Source data
····················

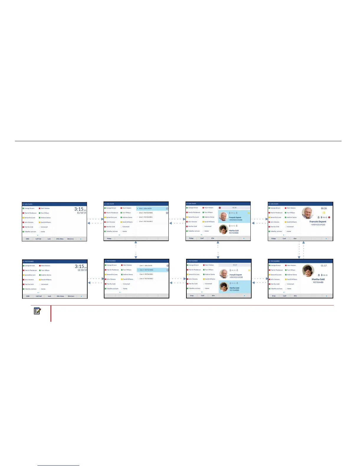 area to the right of the top softkeys to switch to the line and call screens and swipe up and down to scroll through the different lines or calls on the respective
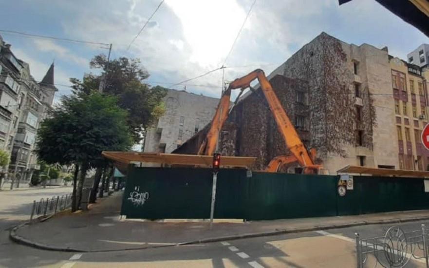 Вночі 11 липня біля будинку з’явилась важка техніка для зносу, а наступного дня почався демонтаж. Щоб зупинити руйнування, кияни прорвались за будівельний паркан та заблокували роботу техніки. Сьогодні стало відомо, що у проекті підготовчих робіт, наданому забудовником, демонтаж фасаду будівлі відсутній.
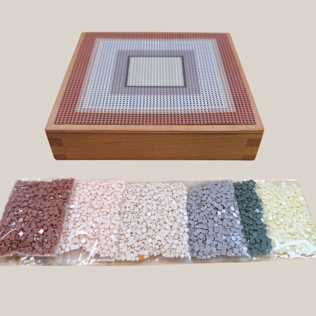 Dein Micromosaic-Kit wird sorgfältig für dich vorbereitet. Die Vorlage wird vorab präzise auf einen hochwertigen Buchenholzkörper aufgebracht, sodass du nach Erhalt direkt mit dem Setzen der Steinchen starten kannst.
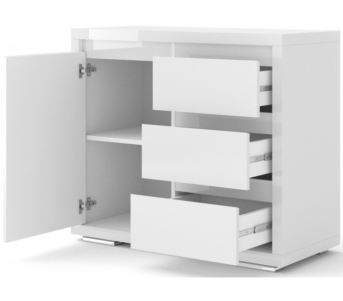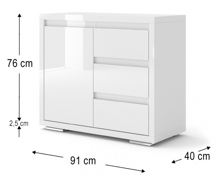 Nordic sideboard udført i et design af hvid højglans mdf og finér. Sideboardet måler 76 cm i højden og 91 x 40 cm i bredde og dybde. Sideboardet indeholder 3 skuffer samt 1 skab med i alt 2 hylderum.
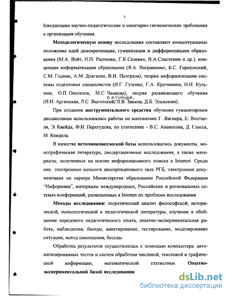 Методологическую основу исследования составляют концептуальные положения идей демократизации, гуманизации и дифференциации образования (М.А. Вейт, Н.П. Радченко, Г.К.Селевко, В.А.Сластенин и др.); концепция информатизации образования (Я.А. Ваграменко, Б.С. Гершунский, СМ. Годник, A.M. Довгялло, В.И. Пелгрюм); теория информатизации системы подготовки специалистов (ИГ. Гузенко, ГА. Кручинина, Н.Н. Кузьмин, О.П. Околелов, М.С. Чванова); теория развивающего обучения (ИИ. Аргинская, Л.С. Выготский Л.В. Занков, Д.Б. Эльконин).
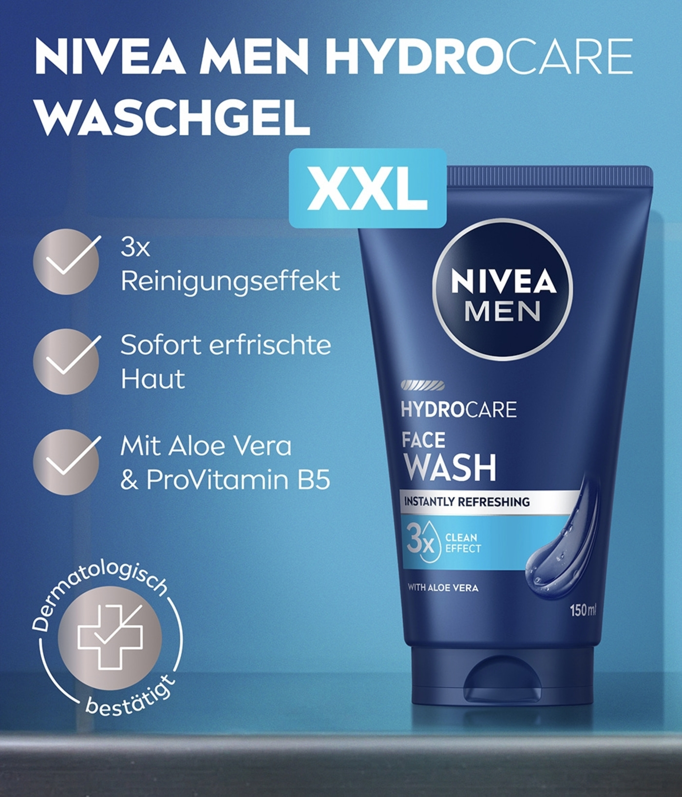 NIVEA MEN HydroCare Waschgel XXL 2 x 150ml Gesichtswaschgel
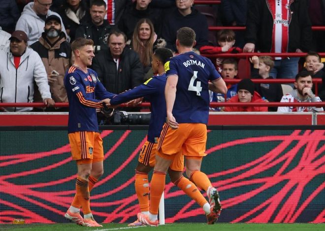纽卡斯尔联排出433阵型。哈维-巴恩斯、沃尔特马德和雅各布-墨菲组成进攻三叉戟。乔林顿、托纳利和吉马良斯组成3中场。丹-伯恩、博特曼、马利克-佳夫和特里皮尔4后卫首发出战。波普担任首发门将。纽卡斯尔联首发阵容总身价高达3.94亿欧元。而布伦特福德首发阵容总身价2.54亿欧元。
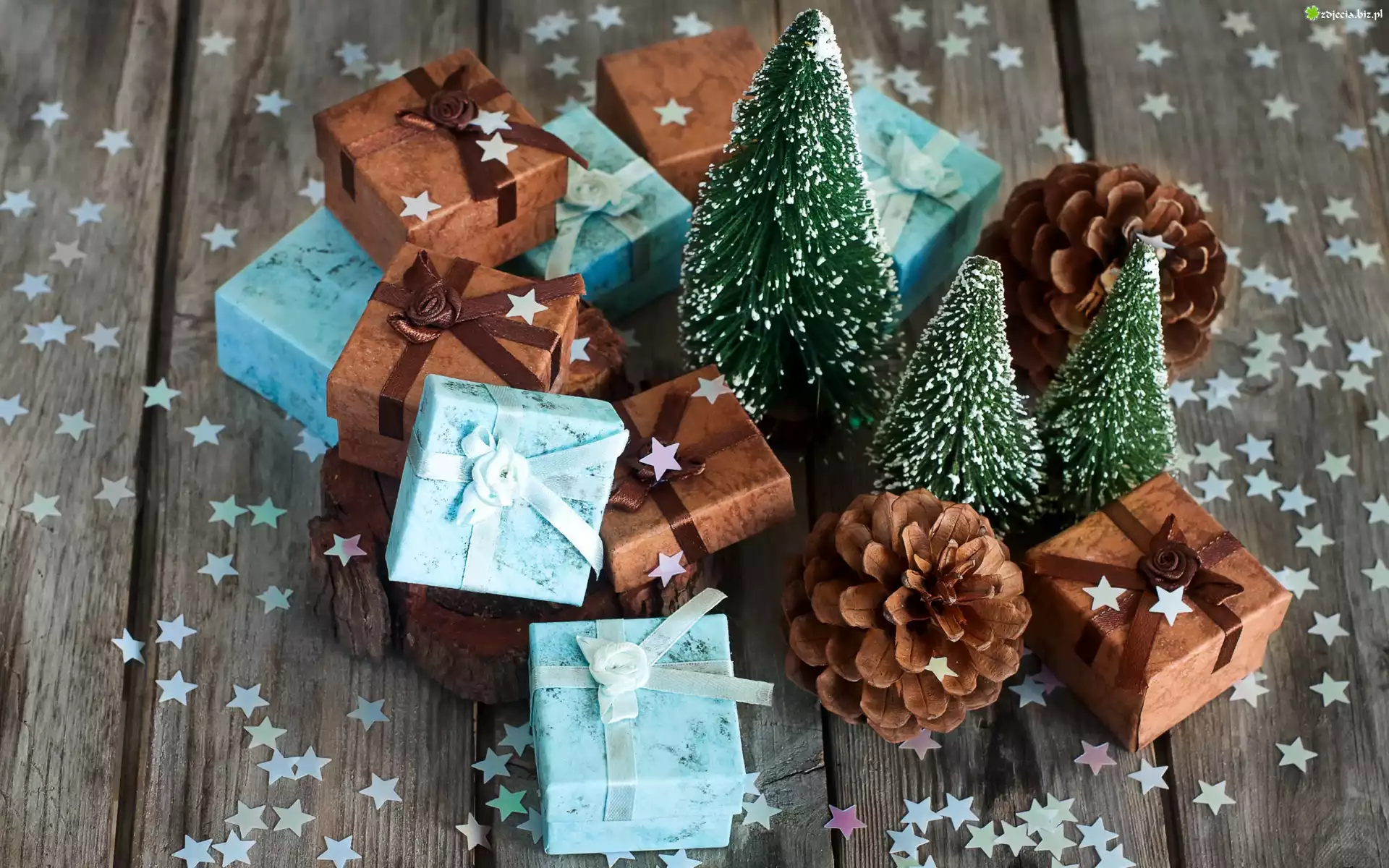 Zdjęcie, Świąteczne, Choinki, Prezenty, Szyszki, Gwiazdki, Wstążki, Deski
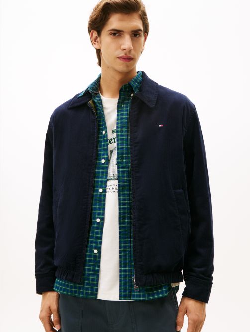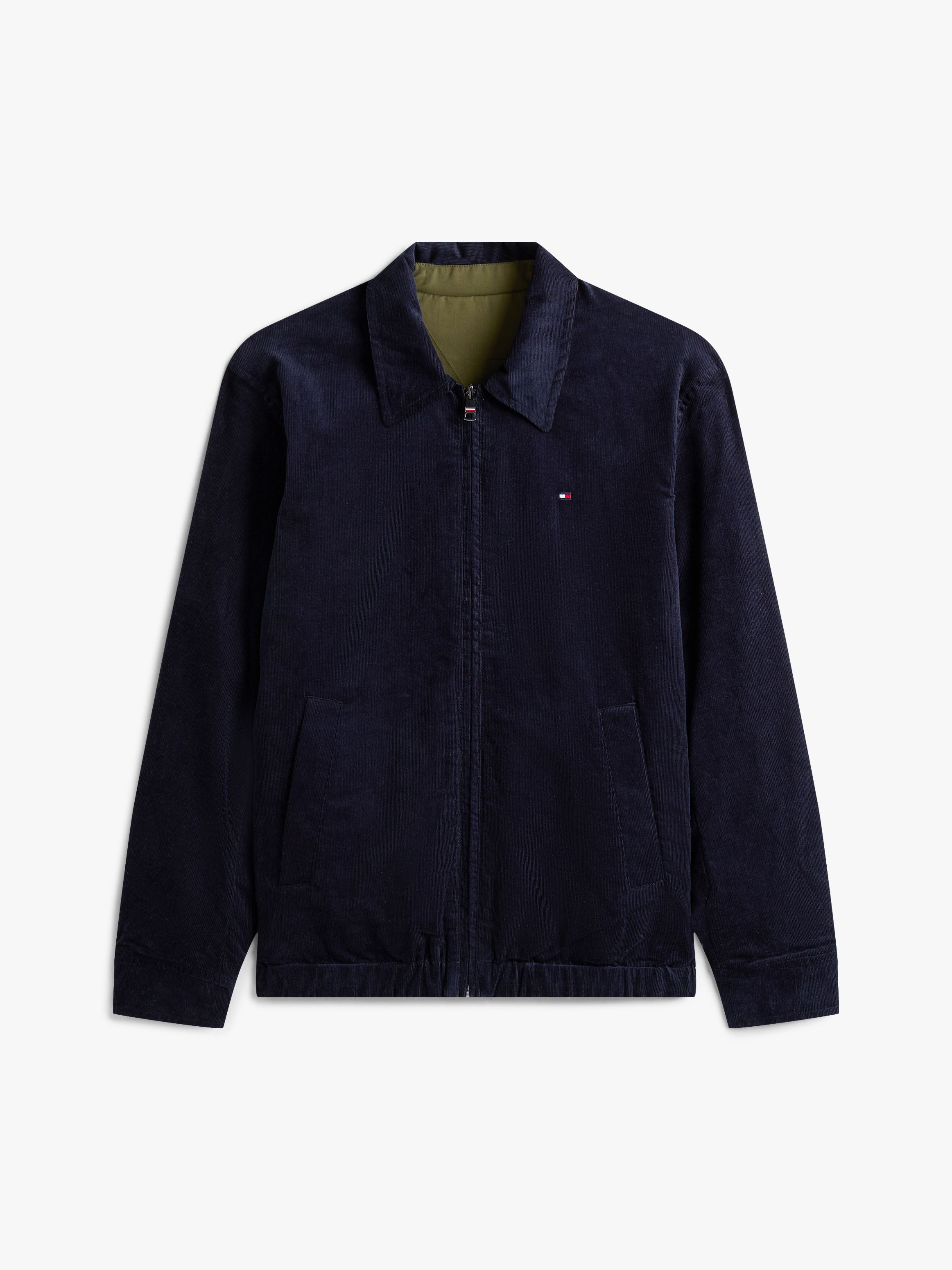 • Pure cotton corduroy • Reversible • Semi-spread collar • Zip-thru • Two waist slip pockets • Buttoned cuffs • Signature detailing on zip pull • Tommy Hilfiger branding • Tommy Hilfiger flag embroidery on chest

····················

▸ WORK ORDER:
With the pictures excluded, transcribe word for word only the lines from the one containing "Gwiazdki, Wstążki, Deski" through the last line of the records.

▸ RESPONSE AREA:
 Zdjęcie, Świąteczne, Choinki, Prezenty, Szyszki, Gwiazdki, Wstążki, Deski
 • Pure cotton corduroy • Reversible • Semi-spread collar • Zip-thru • Two waist slip pockets • Buttoned cuffs • Signature detailing on zip pull • Tommy Hilfiger branding • Tommy Hilfiger flag embroidery on chest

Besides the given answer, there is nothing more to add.